_Record excerpts_.
--------------------
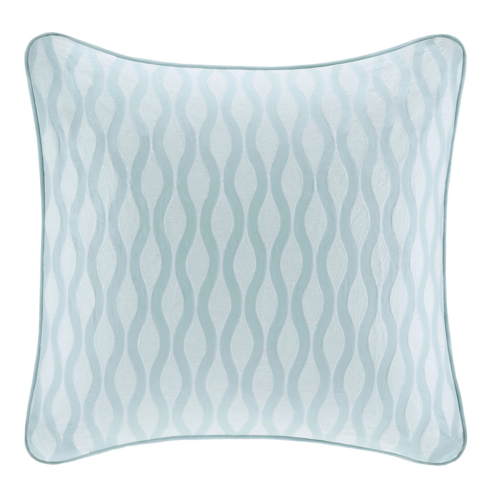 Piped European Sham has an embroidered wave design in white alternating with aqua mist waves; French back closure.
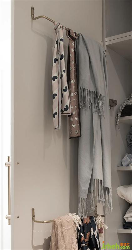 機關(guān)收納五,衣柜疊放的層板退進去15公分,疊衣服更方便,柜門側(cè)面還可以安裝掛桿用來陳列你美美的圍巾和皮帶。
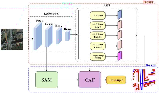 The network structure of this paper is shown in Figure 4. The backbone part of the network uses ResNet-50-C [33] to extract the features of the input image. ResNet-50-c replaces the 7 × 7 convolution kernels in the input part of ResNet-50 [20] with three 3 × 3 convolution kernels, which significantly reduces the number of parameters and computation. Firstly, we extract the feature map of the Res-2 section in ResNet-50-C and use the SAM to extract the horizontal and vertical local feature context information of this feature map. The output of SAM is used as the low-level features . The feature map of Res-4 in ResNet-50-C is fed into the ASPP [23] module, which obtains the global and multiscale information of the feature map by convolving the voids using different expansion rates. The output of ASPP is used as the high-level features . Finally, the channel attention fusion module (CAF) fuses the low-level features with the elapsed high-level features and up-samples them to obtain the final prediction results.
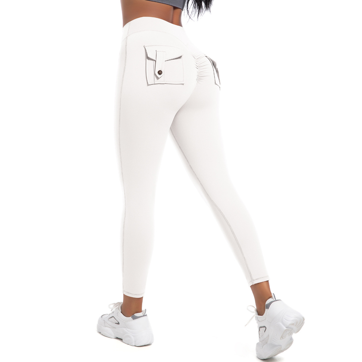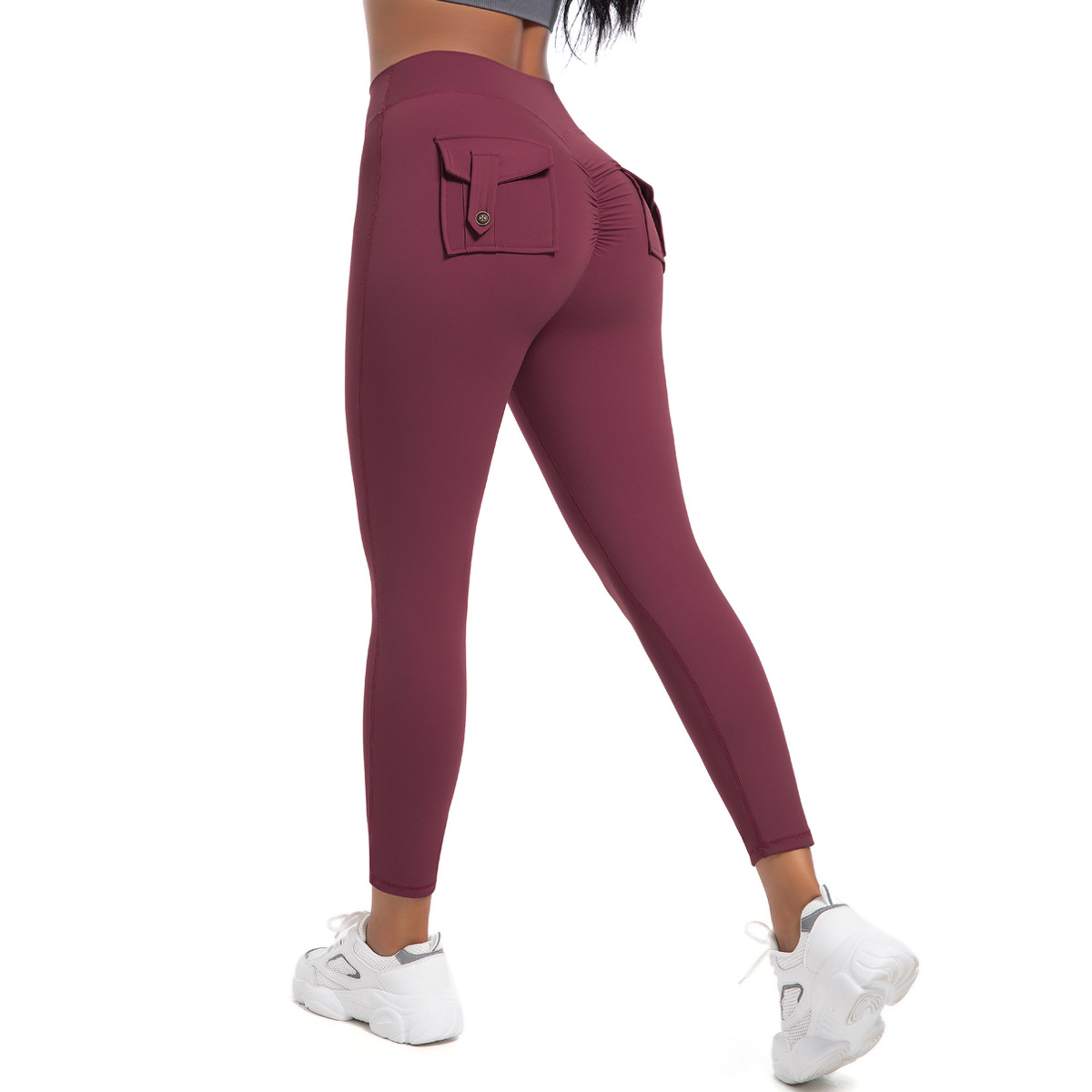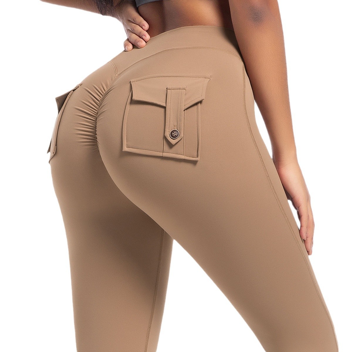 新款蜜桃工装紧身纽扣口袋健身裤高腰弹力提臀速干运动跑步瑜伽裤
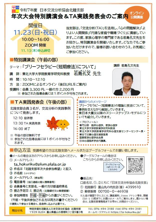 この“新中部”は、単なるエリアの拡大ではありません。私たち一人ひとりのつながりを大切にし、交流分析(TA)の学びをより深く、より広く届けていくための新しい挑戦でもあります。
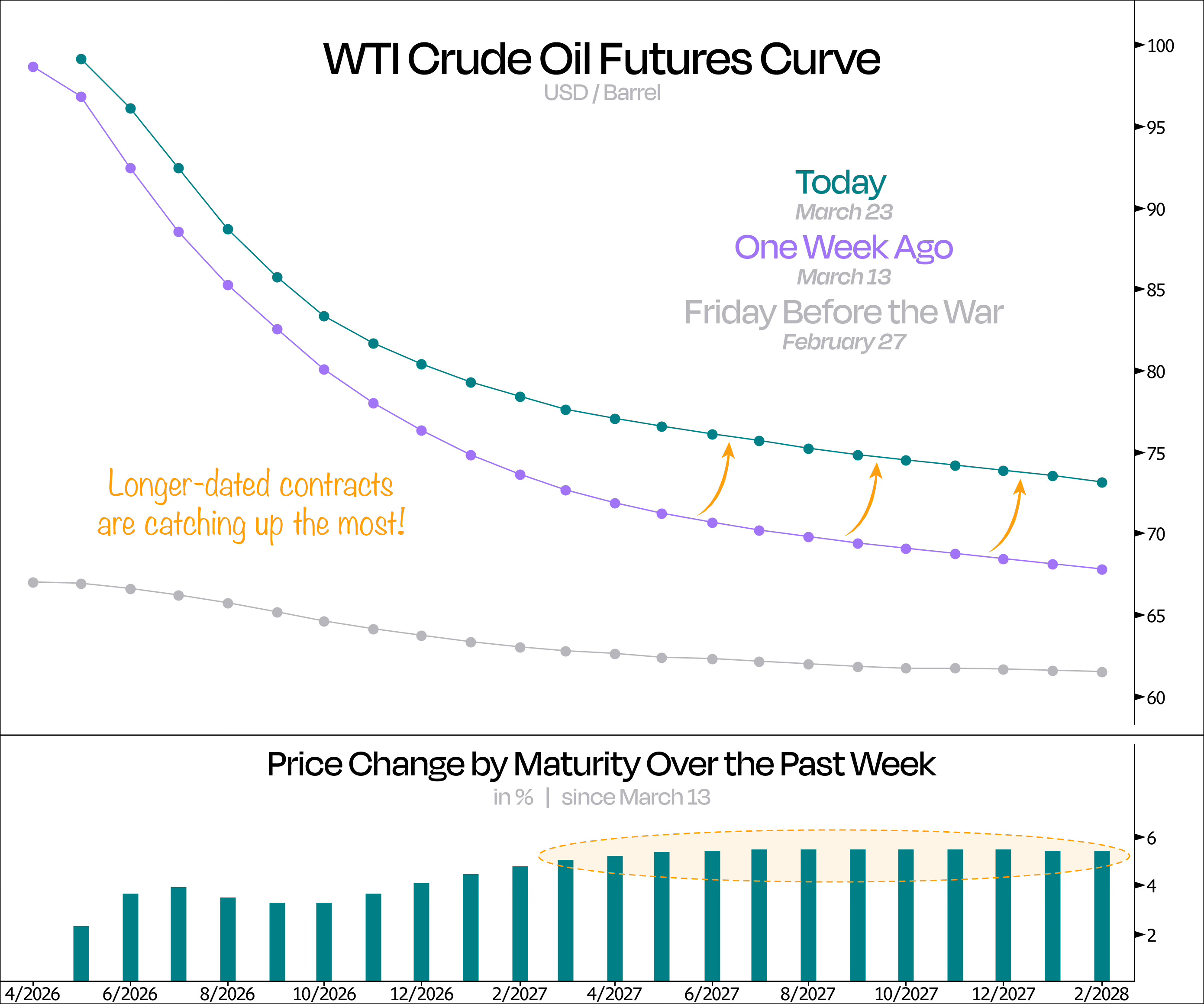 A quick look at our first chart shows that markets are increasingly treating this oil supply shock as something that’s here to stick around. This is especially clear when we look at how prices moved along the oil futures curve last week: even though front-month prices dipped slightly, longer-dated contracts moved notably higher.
--------------------
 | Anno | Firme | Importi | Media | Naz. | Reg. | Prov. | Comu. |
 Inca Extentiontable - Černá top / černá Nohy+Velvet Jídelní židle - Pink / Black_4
--------------------
_Problem details_.
Return, exactly as they stand, the lines above from the one with "Piped European Sham" to the one with "機關(guān)收納五,衣柜", omitting any pictures among them.

_Written reply_.
 Piped European Sham has an embroidered wave design in white alternating with aqua mist waves; French back closure.
 機關(guān)收納五,衣柜疊放的層板退進去15公分,疊衣服更方便,柜門側(cè)面還可以安裝掛桿用來陳列你美美的圍巾和皮帶。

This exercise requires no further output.